## [TASK GOAL]
Begin with the first line below and retype each line exactly through the line containing "Grey and Burgundy". Any pictures are to be left out.

THE DATA section start

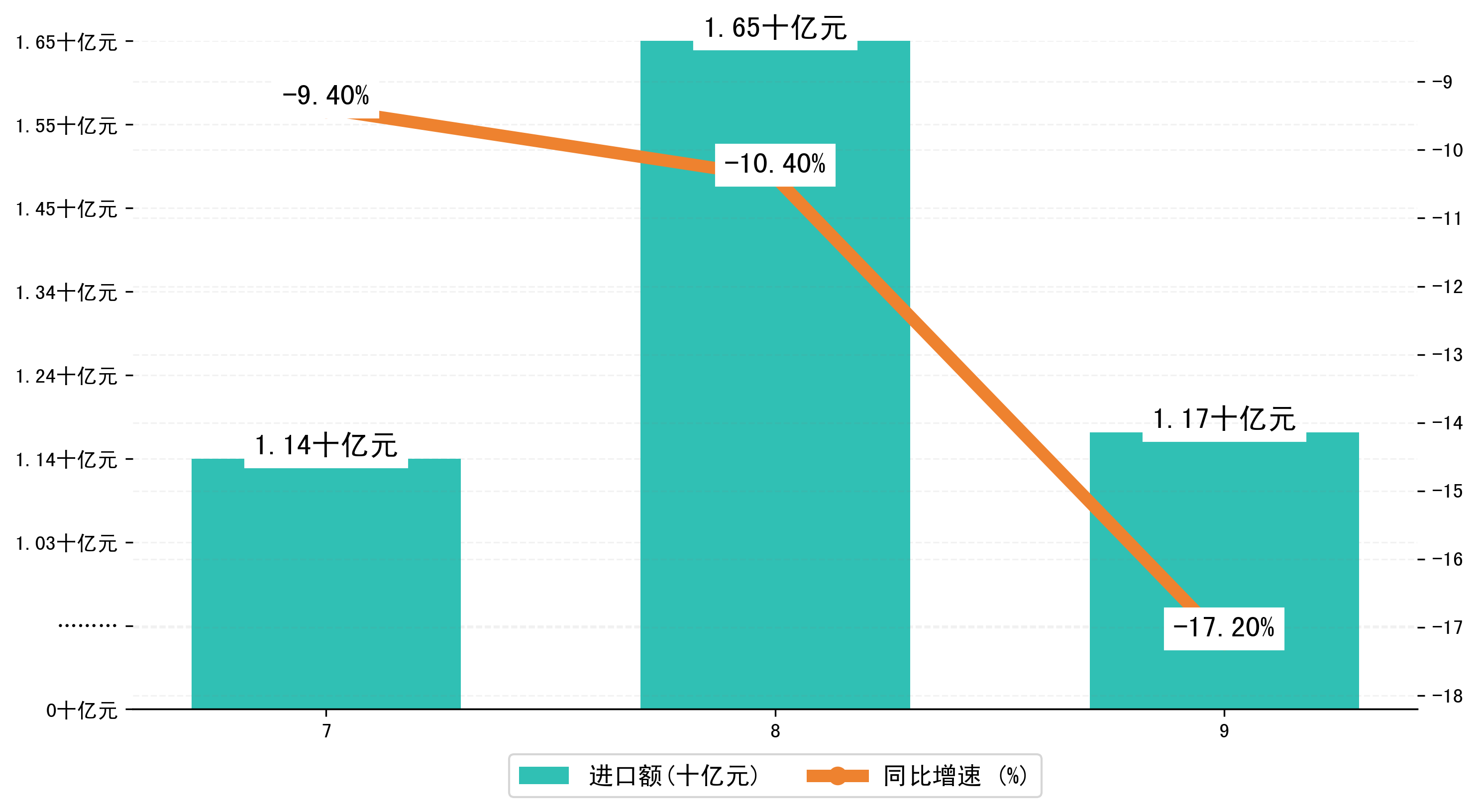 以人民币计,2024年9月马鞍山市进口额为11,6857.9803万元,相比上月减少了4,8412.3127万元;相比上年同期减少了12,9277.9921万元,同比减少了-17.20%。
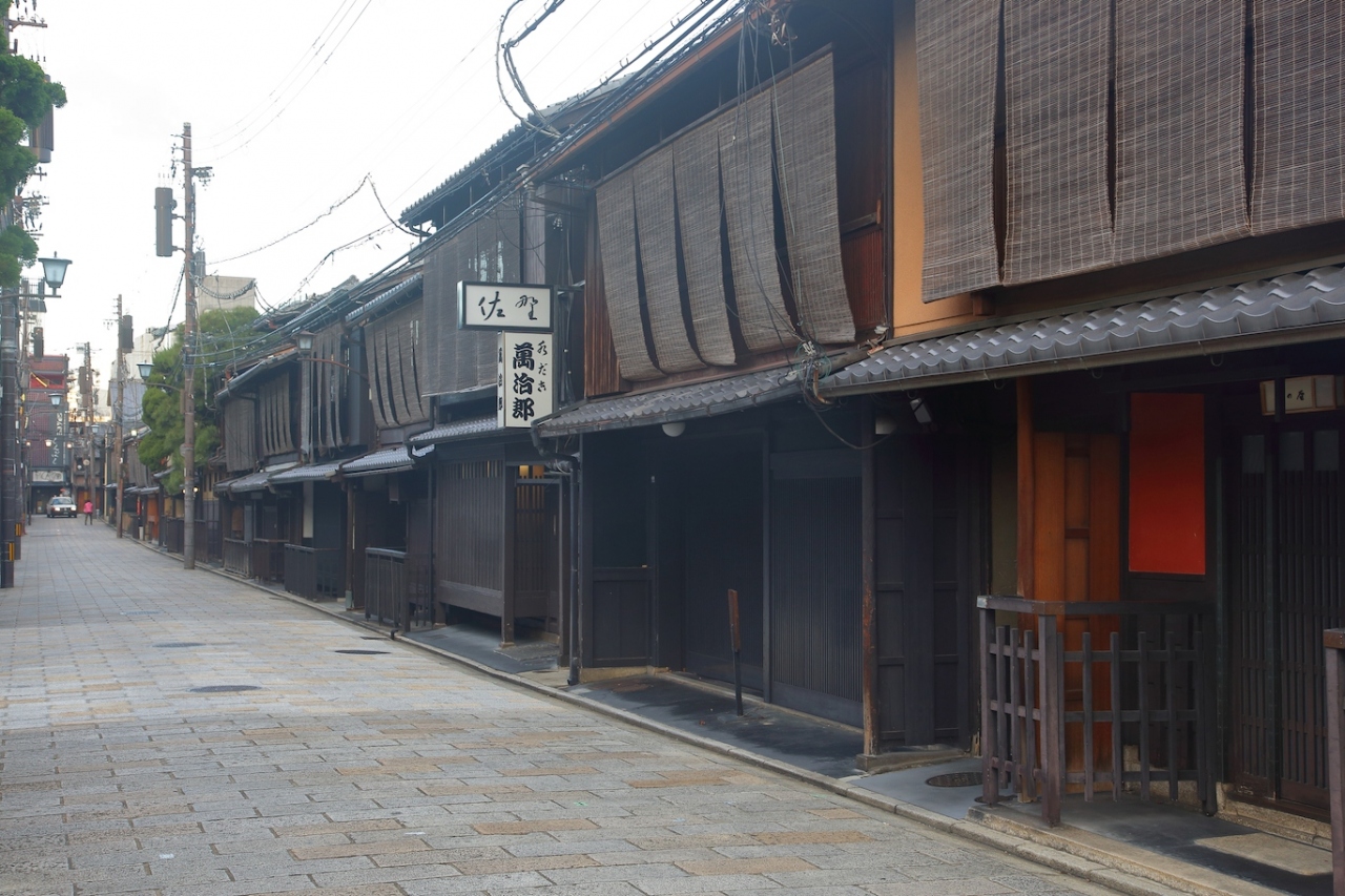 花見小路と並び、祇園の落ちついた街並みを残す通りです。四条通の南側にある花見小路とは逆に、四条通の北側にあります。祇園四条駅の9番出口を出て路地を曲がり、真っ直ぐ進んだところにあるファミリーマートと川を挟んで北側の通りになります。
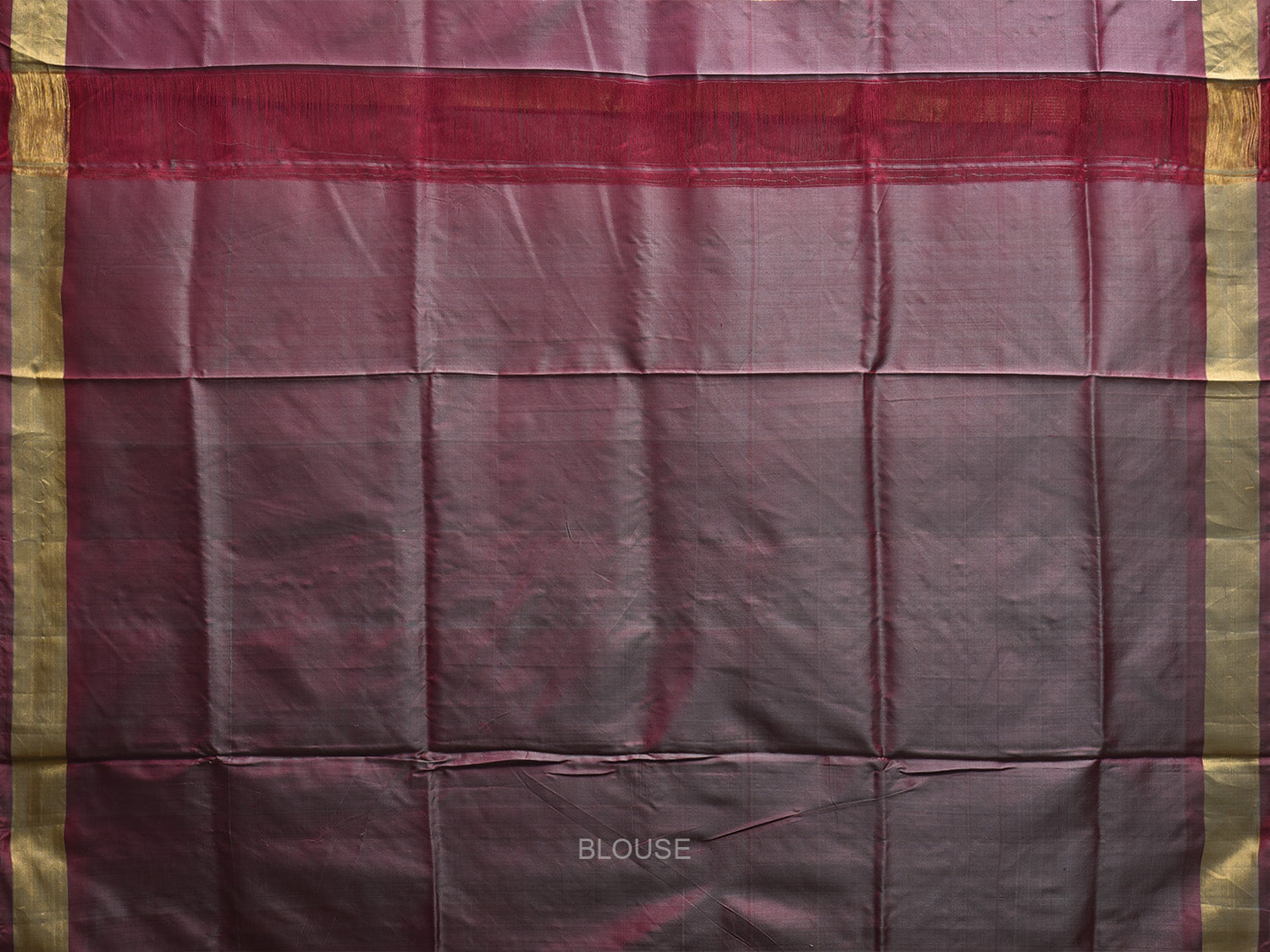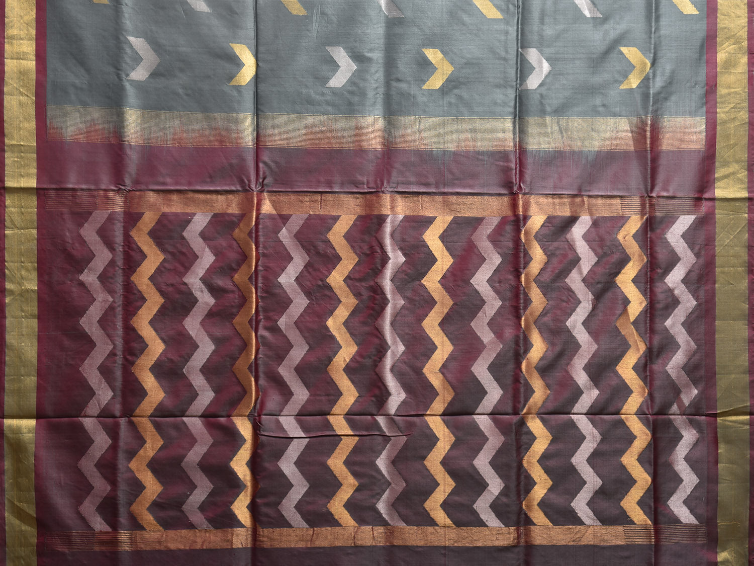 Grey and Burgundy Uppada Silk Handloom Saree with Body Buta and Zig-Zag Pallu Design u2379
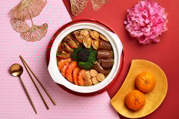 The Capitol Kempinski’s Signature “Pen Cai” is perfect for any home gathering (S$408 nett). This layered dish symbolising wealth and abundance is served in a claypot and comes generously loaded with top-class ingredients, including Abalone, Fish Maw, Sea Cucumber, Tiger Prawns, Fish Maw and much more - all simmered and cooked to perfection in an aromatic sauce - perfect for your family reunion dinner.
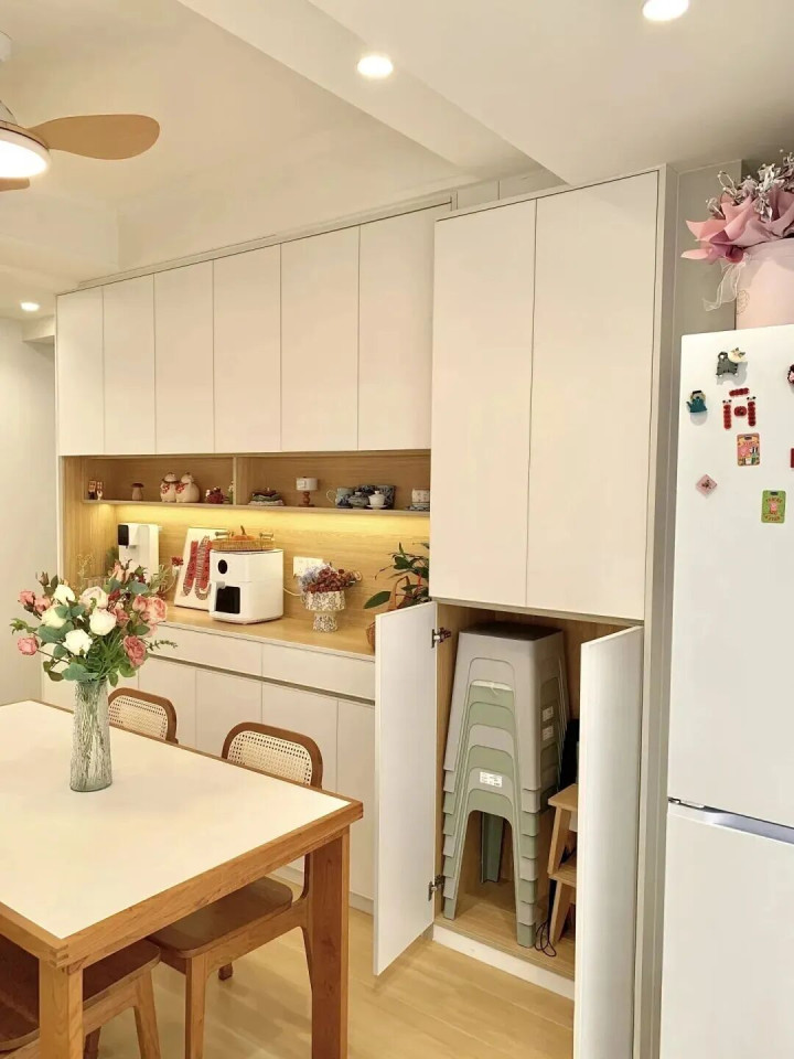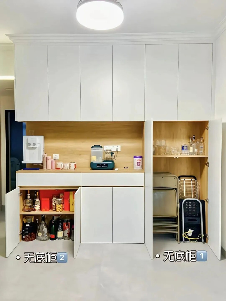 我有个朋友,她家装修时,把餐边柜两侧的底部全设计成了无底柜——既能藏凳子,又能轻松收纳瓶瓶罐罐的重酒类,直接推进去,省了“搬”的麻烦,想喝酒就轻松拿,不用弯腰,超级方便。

THE DATA section end

## [TASK RESULT]
 以人民币计,2024年9月马鞍山市进口额为11,6857.9803万元,相比上月减少了4,8412.3127万元;相比上年同期减少了12,9277.9921万元,同比减少了-17.20%。
 花見小路と並び、祇園の落ちついた街並みを残す通りです。四条通の南側にある花見小路とは逆に、四条通の北側にあります。祇園四条駅の9番出口を出て路地を曲がり、真っ直ぐ進んだところにあるファミリーマートと川を挟んで北側の通りになります。
 Grey and Burgundy Uppada Silk Handloom Saree with Body Buta and Zig-Zag Pallu Design u2379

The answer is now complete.